1970 film by Tom Gries

Fools is a 1970 drama film directed by Tom Gries. It stars Katharine Ross and Jason Robards.

==Plot==
Aging actor Matthew South falls in love with a much younger married woman, the wife of his attorney.

==Cast==
- Katharine Ross as Anais Appleton
- Jason Robards as Matthew South
- Scott Hylands as David Appleton
- Roy Jenson as Man in park
- Mark Bramhall as Man in park

==Reception==
The film received mostly negative reviews. In a particularly scathing review in the Chicago Sun-Times, Roger Ebert wrote:How can I possibly describe how awful Fools is, and in how many different ways? The task approaches impossibility.
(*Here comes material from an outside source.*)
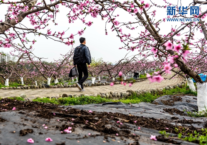 早春时节,四川省德阳绵竹市汉旺镇龙腾桃李蹊花影摇曳,春光无限。

The only way to fully understand how transcendently bad this movie is would be to see it for yourself — an extreme measure I hope, for your sake, you'll avoid. Let me just sort of hint at the depth of my feeling by saying Fools is the worst movie in 1971, a statement that springs forth with serene confidence even though here it is only February. Happy Valentine's Day, by the way.